Well, I will be brief. The forester never recovered from those blows. He could no longer pursue his occupation. A few weeks later he died, and they buried him on an icy winter’s day. I can still remember vividly that the grave-diggers who came to fetch him wore thick woollen mittens and yet had to beat their bodies with both hands to keep warm. They loaded my father on to a sledge. My mother and I sat in another, and during the drive the glittering frost sprayed a hundred thousand beautiful crystal needles into my face. Actually, I was joyful. The burial of my father counts among the happier memories of my childhood.

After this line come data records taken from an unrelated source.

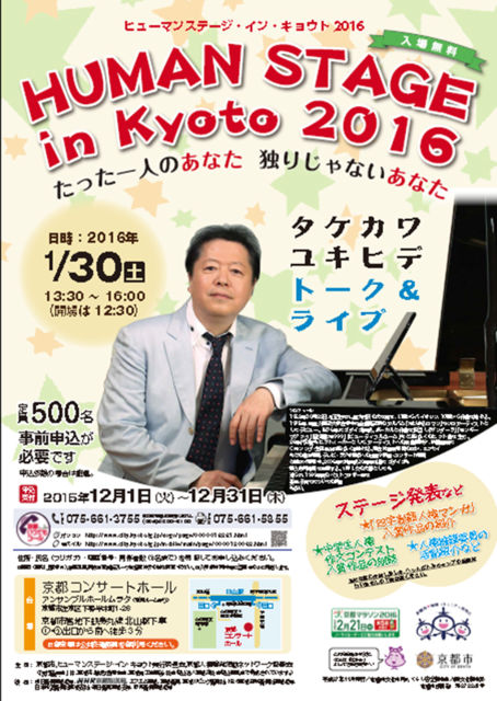 ヒューマンステージ・イン・キョウト2016 会場 京都コンサートホール アンサンブルホールムラタ 時間 開場 12:30 開演13:30 料金 入場無料 (要事前申込・定員500名) 出演 タケカワユキヒデ、各入賞者 http://miyakomanabi.jp/search/?act=detail&id=4337&r=1450310004.8937 お問合せ 文化市民局 くらし安全推進部 人権文化推進課 (TEL: 075-366-0322) http://www.city.kyoto.lg.jp/bunshi/page/0000190674.html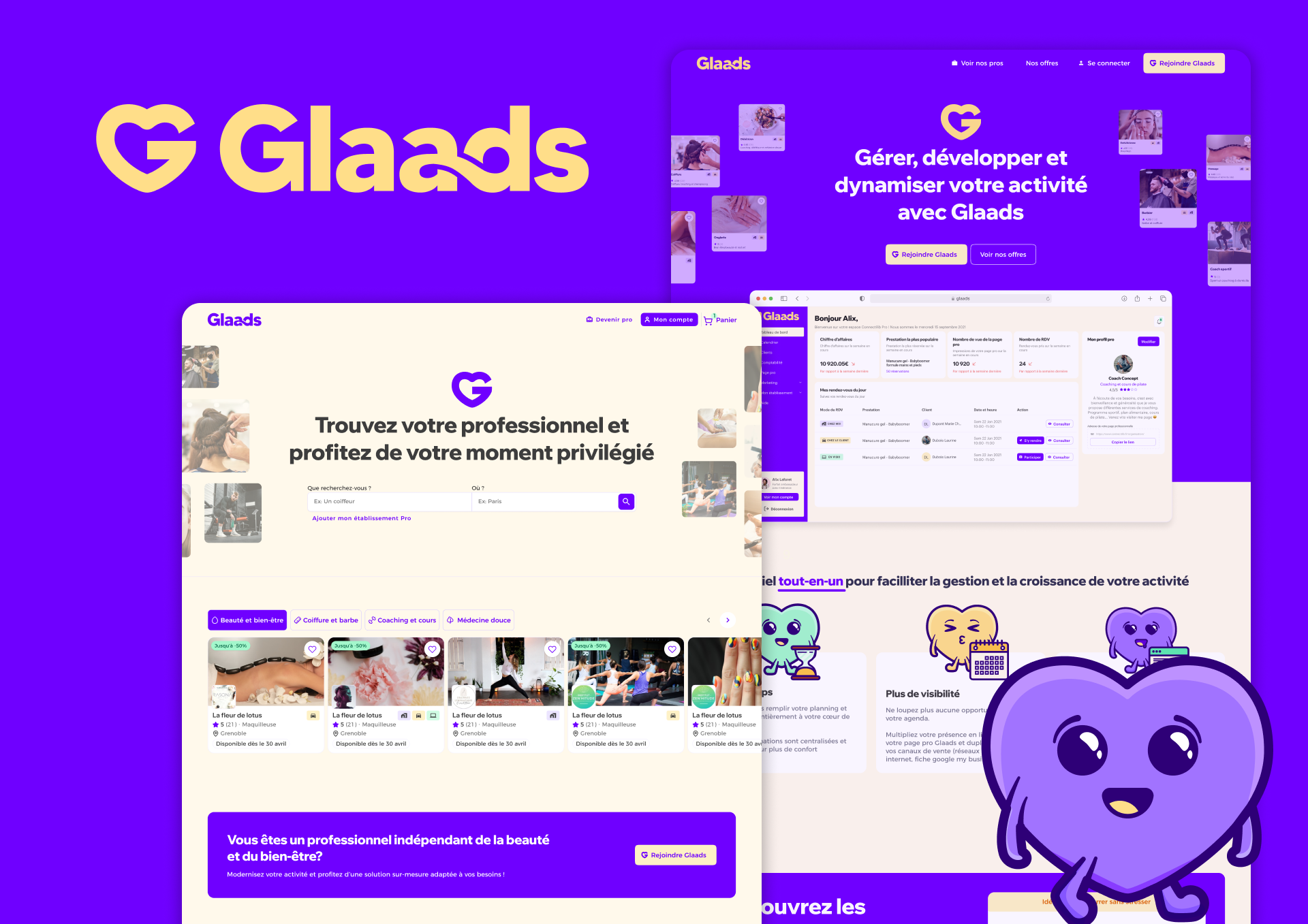 J’ai travaillé sur la refonte complète de Glaads (anciennement Connectilib) au sein de l’agence Ascanio.Glaads est une plateforme permettant de rechercher et réserver facilement des prestations (beauté, bien‑être, massages, etc.) à domicile, en visio ou chez un professionnel pour les particuliers, ainsi qu’une interface professionnelle (glaads.pro) pour les prestataires.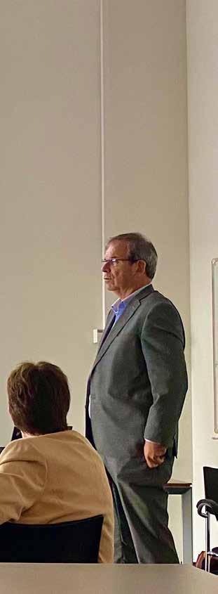 BCMW leden in het nieuwe pand van EAZZ Bestuurslid Bea Janssen Steenbergen neemt afscheid Hermann van der Steen demonstreert Respect voor vakwerk met hout
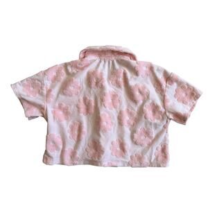 Kate Mack Girls Size 5 Pink Terry Cloth Floral Short Sleeve Button Down Shirt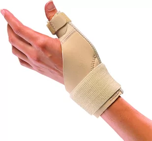 wbudowane, formowalne metalowe wzmocnienie dla zapewnienia maximum ochrony wspiera i ogranicza możliwość ruchu stawu, nie blokując przy tym możliwości ruchu samego palca szeroki pasek na wysokości nadgarstka zapewnia jego sztywne zapięcie
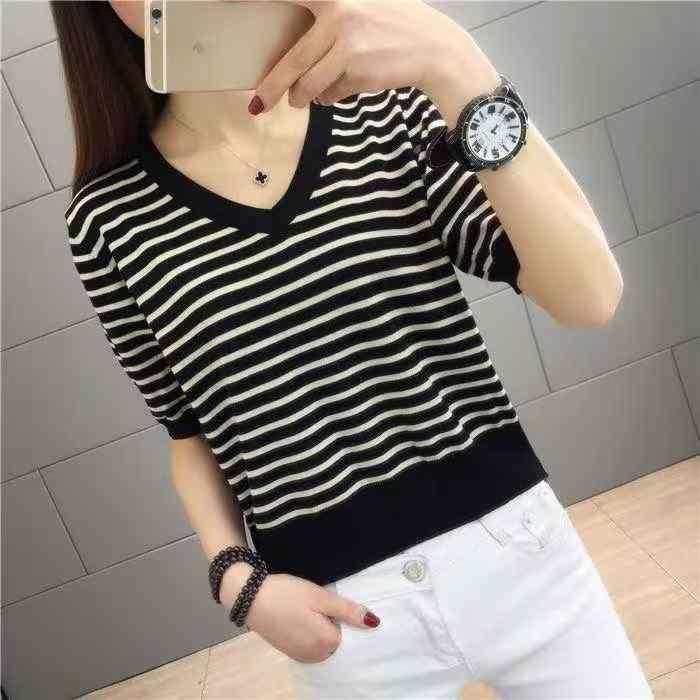 夏季新款撞色条纹V领宽松百搭针织T桖,独立包装,均码...
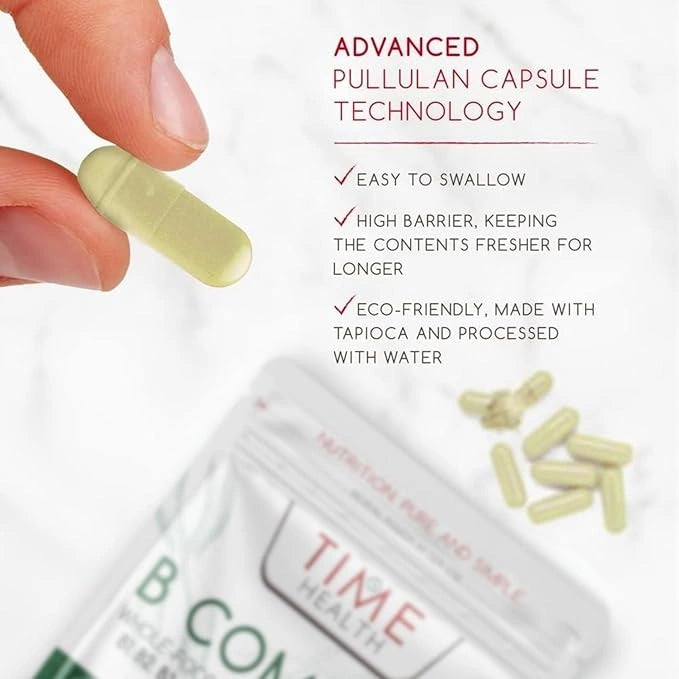 100% VEGAN WITH NO FILLERS, BINDERS OR ADDITIVES. Our B Complex is 100% vegan friendly. At Time Health we believe in clean nutrition which is why you won’t find any nasty stuff in our products including any fillers, binders or additives, unlike some of our competitors.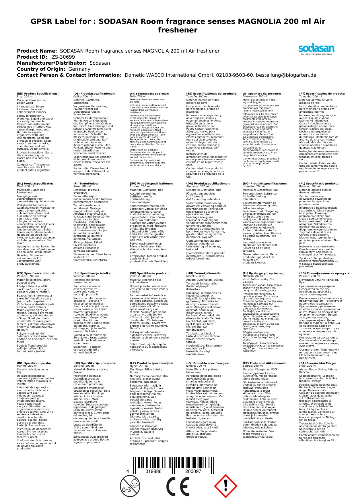 Cuir ceist chun níos mó a fhoghlaim faoin táirgeAthbheochan aeir, Cumhrán Seomra Magnolia, Boladh Seomra, 200ml Lufterfrischer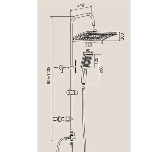 | Комплектация | верхний душ / держатель лейки / дивертор / душевая стойка / лейка / настенный держатель / прокладки / ручной душ / шланг |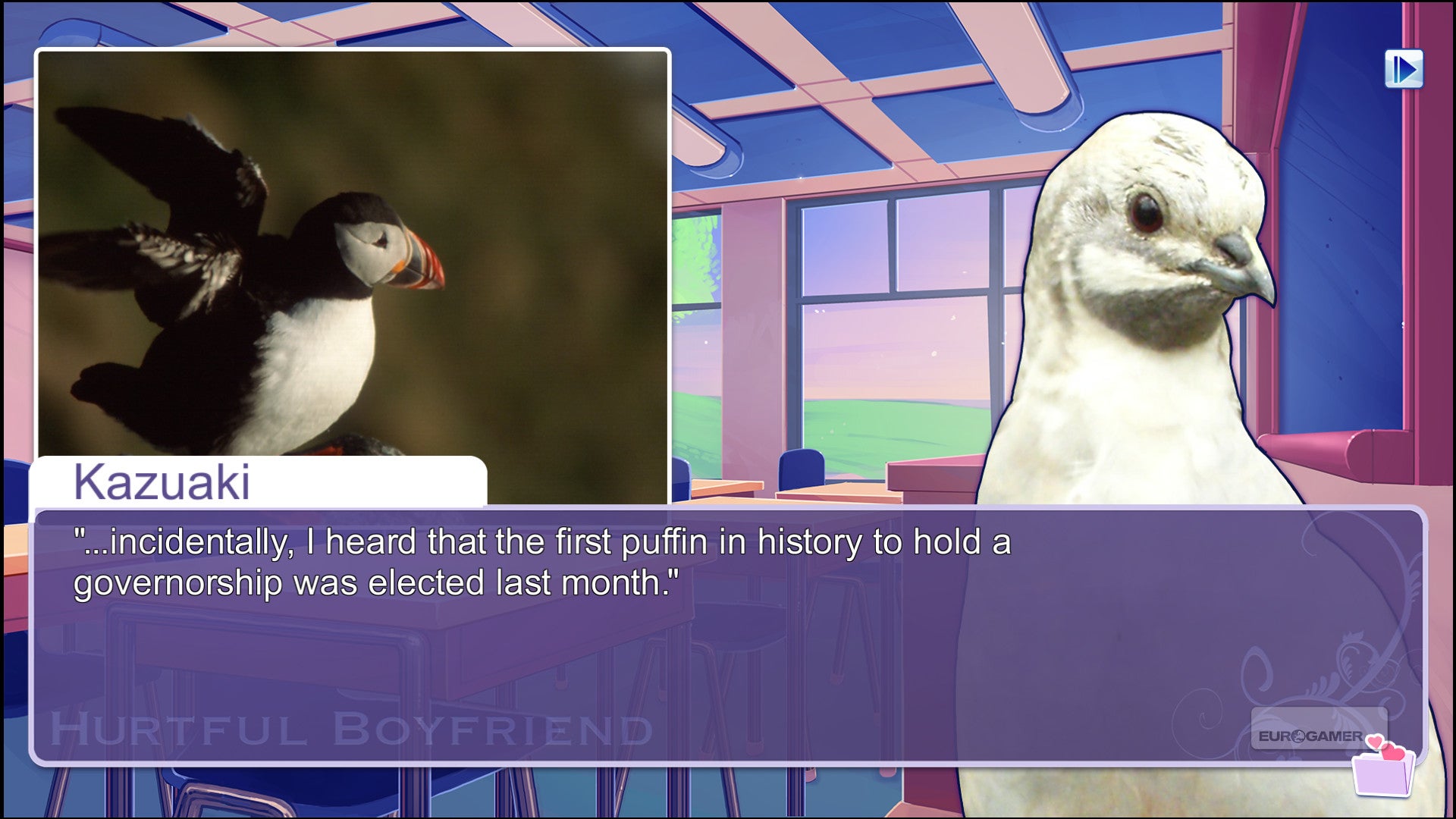 Vreemd genoeg raak je al snel gewend aan het gekke idee van een liefdevolle relatie tussen een man en een vogel. Hatoful Boyfriend is een geniale parodie van de populaire Japanse dating sims, maar los daarvan is het ook gewoon een goede game met een stevig verhaal.

Passons! — as the French say. It was not long before I went to school. And, alert as I was, I soon discovered that I was the son of Krapotkin. I noticed it in the attitude of the teachers; and once, in spring, on a memorable day, when Krapotkin himself came to visit his estate, I knew it for certain. The village of Woroniaki was decorated in honor of the occasion. They hung garlands at both ends of the village street. They even collected a band, composed entirely of wind instruments, and some singers as well. They practiced for a whole week before, under the guidance of the schoolmaster. But during that week my mother would not let me go to school, and I only learned about the preparations by roundabout means. And one day Krapotkin really came. Straight to us. He ignored the street with the garlands, he ignored the band, he ignored the singers, and he came straight to our house. He had a beautiful, dark, slightly silvery beard; he smelt of cigars, and his hands were very long, very thin, very dry, almost withered. He stroked my head, asked me questions, turned me around a few times, looked at my hands, my ears, my eyes, my hair. Then he said that my ears were dirty and so were my fingernails. He took out an ivory penknife and in two minutes carved out of an ordinary piece of wood a little man with a beard and long arms. (Later I heard that he was a renowned wood-carver.) Then he spoke for a while quietly with my mother, and then he left us.